1) Frank Nazar as the immediate, internal answer. Nazar’s speed, hockey IQ, and playmaking are presented as the cleanest on-roster match for Bedard’s style. The argument is that Bedard needs someone who can take pressure off him and keep up in transition; Nazar checks those boxes while also carrying penalty-kill responsibility. In that sense, the debate is less about whether Nazar can help and more about whether Chicago is willing to “overload” one line for the sake of unlocking Bedard’s offense.
2) Nick Lardis as a usage correction. Lardis has been used on the third or fourth line “most nights” and has bounced between Chicago and Rockford. The critique here is not about talent ceiling but opportunity: he “isn’t getting nearly as much ice time as he should. ” With Oliver Moore set to miss significant time, Lardis is positioned to receive more chances. The proposed logic is that, if Chicago removes Burakovsky from Bedard’s wing, giving Lardis an extended run could determine whether he can finish the season strongly and claim the role into next year.

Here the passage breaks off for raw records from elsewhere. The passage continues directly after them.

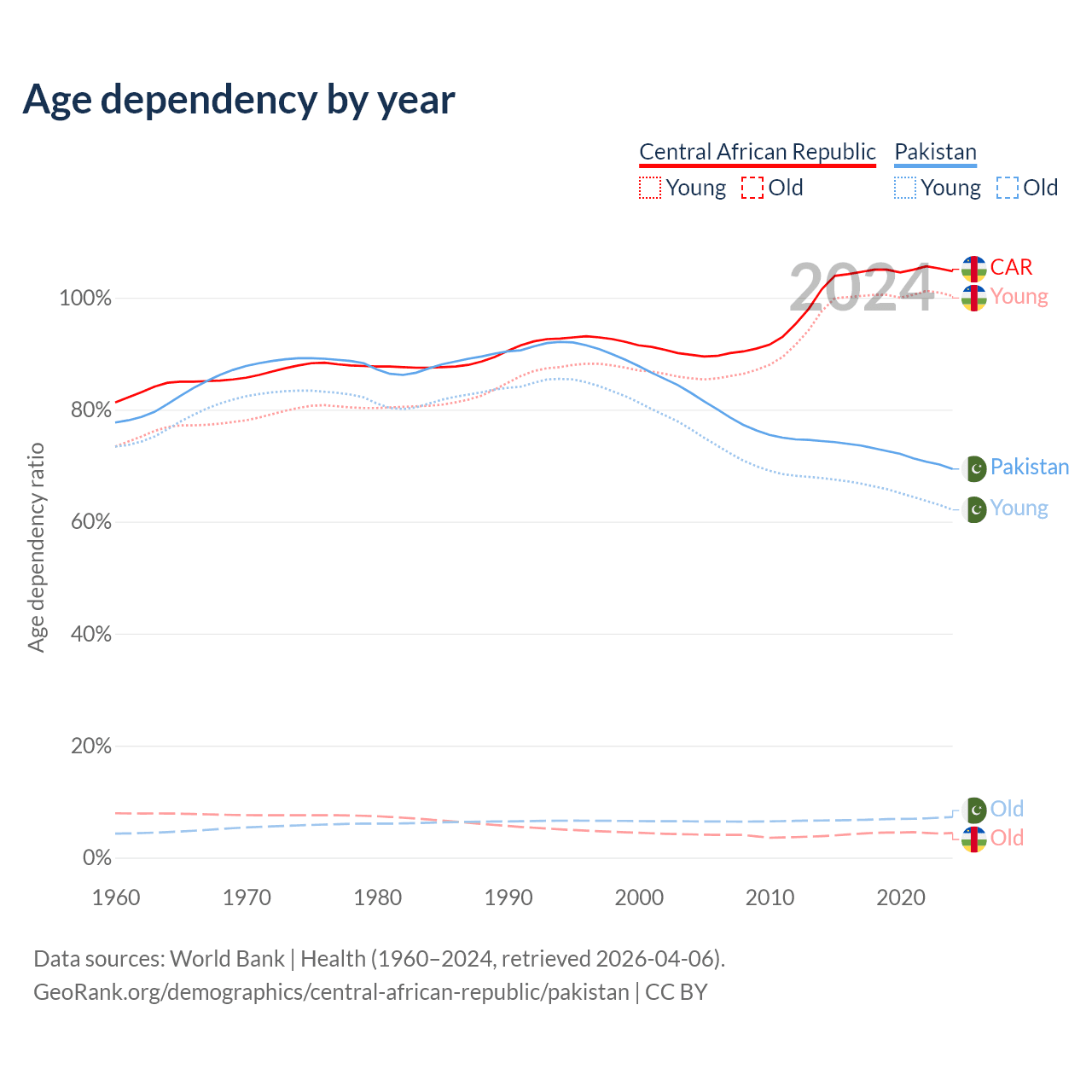 - The Central African Republic is ranked 196/196 by median age (oldest to youngest) vs 154/196 for Pakistan.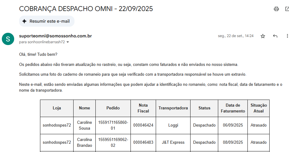 É primordial o retorno da loja no e-mail, informando o caso de cada cliente, pois não podemos deixar um pedido por muito tempo aguardando o envio, isso impacta diretamente na experiência das nossas clientes de forma negativa.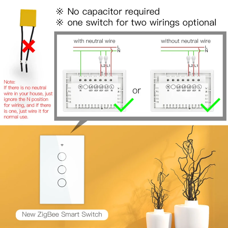 Этот новый дизайн смарт-переключатель с 1/2/3 дополнительно разработан с ZigBee протокол для того, чтобы заменить традиционные переключатели с различные способы контроля. Один переключатель для двух колец опционально (N + L провод/только L провод) и ZigBee концентратор требуется для нормального использования. Теперь одна новая функция смарт-управления (только для N + L провода) к другим смарт-переключателям-это приложение addedinto smart Life/Tuya, и все режимы управления работают без каких-либо помех. Lts дизайн подходит для различных стилей украшения с его лучшим значением.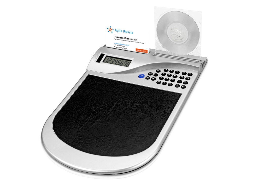 Удобный многофункциональный коврик с встроенным калькулятором и подставками для дисков и визиток – отличный подарок, который поможет с организацией рабочего места на столе и борьбой с беспорядком.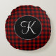 Single Script Monogram Red and Black Buffalo Plaid Round pillow

3) A summer pursuit of Matthew Knies. Even after the deadline, Chicago has been “most notably attached” to Knies, with multiple sources indicating interest. The appeal is framed in both performance and contract terms: Knies is signed through 2030 with a $7. 75 million annual cap hit, a figure Toronto “may not be able to afford. ” He has 51 points this season and is described as a proven NHL scorer. Separately, comments from Montreal Canadiens general manager Kent Hughes about working toward a “significant” trade that wasn’t completed, alongside discussion that Knies’ name was out in talks with multiple teams, has added oxygen to the idea that his availability could become a real offseason storyline. For Chicago, the significance is that a Knies-level addition would be a direct answer to the recurring complaint about Bedard’s support.
What lies beneath the shuffle: development versus immediate relief
Beyond the nightly line chart, this is a debate about organizational priorities. One thread in the current conversation is that “development has been the front office’s battle cry for years, ” but that Bedard’s development is now viewed as being “in a stalemate. ” The nuance matters: he is said to be “much better defensively, ” yet the open question is what Chicago is doing to support his offensive environment.
There is also an internal constraint expressed clearly: Kyle Davidson “doesn’t want to bring anyone in for the next couple of seasons, ” meaning solutions may need to come from within. If that is the guiding principle, then the argument for pairing Bedard with Nazar—or giving Lardis genuine top-line runway—becomes less of a tactical whim and more of an operational necessity.
At the same time, the Knies chatter illustrates the opposing instinct: if the roster around connor bedard cannot produce a durable top-line fit, Chicago may be pushed toward a more aggressive summer than its stated posture suggests.
Where this goes next for Connor Bedard and Chicago
In the near term, the most consequential decision may be less about a single promotion and more about removing the current bottleneck. The case against Burakovsky as a top-line fixture is increasingly data-backed within the available record, and the alternative candidates—Nazar’s playmaking, Lardis’ opportunity, or a potential Knies pursuit—each represent a different philosophy of team-building.
For Chicago, the stakes are clear: if defenses can continue to swarm Bedard on breakouts without paying a price elsewhere, the team will keep cycling combinations rather than building an identity. The lingering question is whether the Blackhawks will commit to an internal pairing that forces opponents to choose, or whether the next true running mate for connor bedard is more likely to arrive only after the summer decisions begin.